Question

The lower window of a house is at a height of 2 m above the ground and its upper window is 4 m vertically above the lower window. At certain instant the angles of elevation of a balloon from these windows are observed to be 60° and 30° respectively.

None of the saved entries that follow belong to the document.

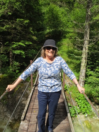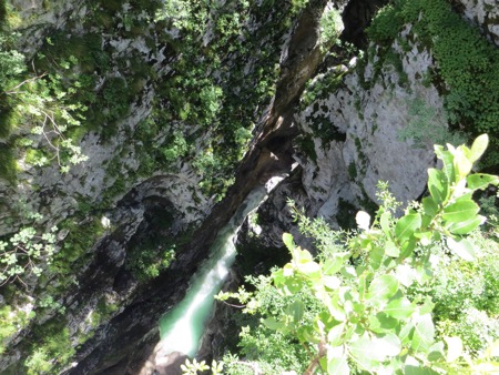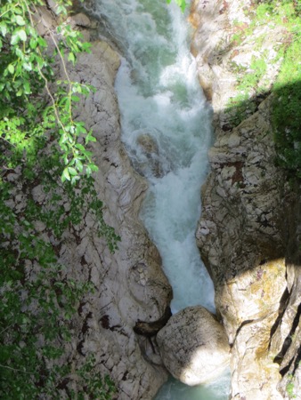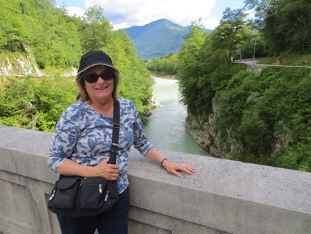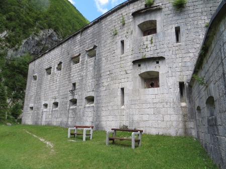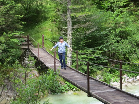We jumped around on suspension bridges and had a nice picnic and took plenty of pictures as we descended. We finally emerged from the mountains near a village called Trenta. The residents used to have to cross those mountains to shop or see a doctor. Tough folks. We stopped at a stone fort called Kluze. The site was originally defended by the Romans and then everyone else including Napoleon when he was fighting the Austrians. We will later cross over “his” bridge a short drive from our hotel. It has been remodeled a little since it saw plenty of action with Tito’s Partisans in WWII. What is not easy to see from the front of fort are the dramatic canyons behind it. Peggy could take pictures looking down. I kept my distance. Oh yes, the Venetians had also used it to fend off the Turks. The place has a bit of history attached.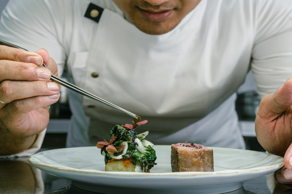 Guest Chef Oliverra Tables kali ini, Gunartha Tude dari Dome by Potato Head, menyajikan interpretasi olahan ikan yang disempurnakan dan dipadukan dengan jus andaliman, jeli kopi, dan acar bunga jahe. Dengan keasaman yang tajam serta aroma kompleks, hidangan ini menawarkan kontras yang segar serta mencerminkan pendekatan restonya yang berfokus pada bahan baku yang terinspirasi alam.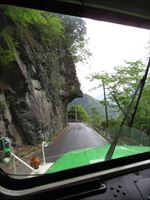 細く曲がりくねってた坂道を、バスはエンジンの限界まで大きな音をあげて進みます。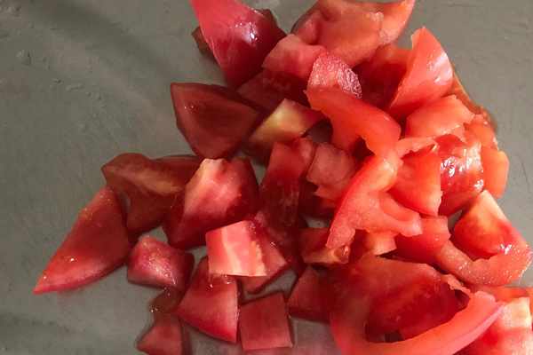 ④、把一個西紅柿洗凈去蒂,切成小塊。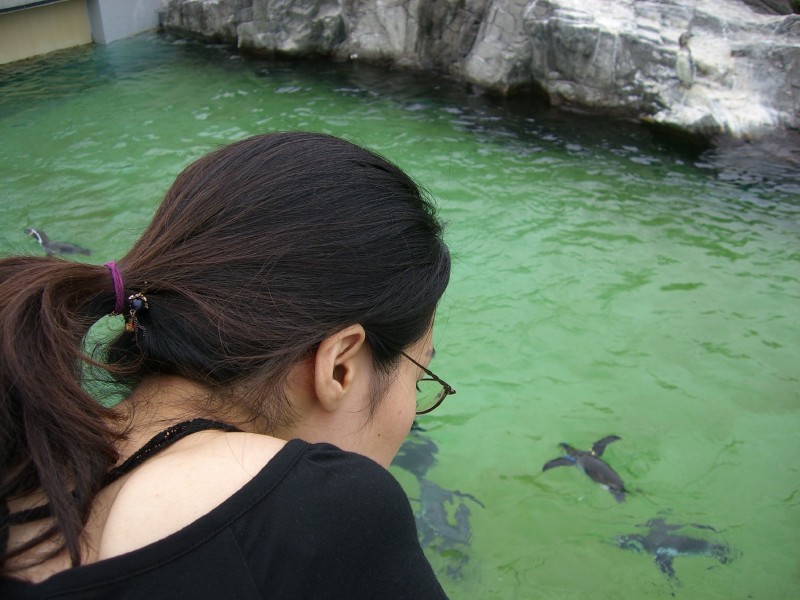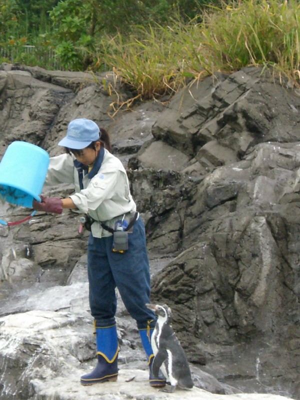 There's a union representative here supervising the lady whose job it is to feed the other penguins.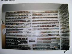 Fotografie barevná částí čtyř vitrín modelů lokomotiv a nákladních vozů velikosti TT. Fotografie velikosti 129 x 88 mm. Nová nepoužitá. Cena je za 1 kus.

Find the height of the balloon above the ground.

Answer 1

Let the height of the balloon from above the ground is H.

A and OP = w₂R = w₁Q = x

Given that, height of lower window from above the ground = w₂P = 2 m = OR

Height of upper window from above the lower window = w₁w₂ = 4 m = QR

∴ BQ = OB – (QR + RO)

= H – (4 + 2)

= H – 6

And ∠Bw₁Q = 30°

⇒ ∠Bw₂R = 60°

Now, in ΔBw₂R,

tan 60° = `"BR"/("w"_2"R") = ("BQ" + "QR")/x`

⇒ `sqrt(3) = (("H" - 6) + 4)/x`

⇒ `x = ("H" - 2)/sqrt(3)`  ...(i)

And in ΔBw₁Q,

tan 30° = `"BQ"/("w"_1"Q")`

tan 30° = `("H" - 6)/x = 1/sqrt(3)`

⇒ `x = sqrt(3)("H" - 6)`  ...(ii)

From equations (i) and (ii),

`sqrt(3)("H" - 6) = (("H" - 2))/sqrt(3)`

⇒ 3(H – 6) = H – 2

⇒ 3H – 18 = H – 2

⇒ 2H = 16

⇒ H = 8

So, the required height is 8 m.

Hence, the required height of the balloon from above the ground is 8 m.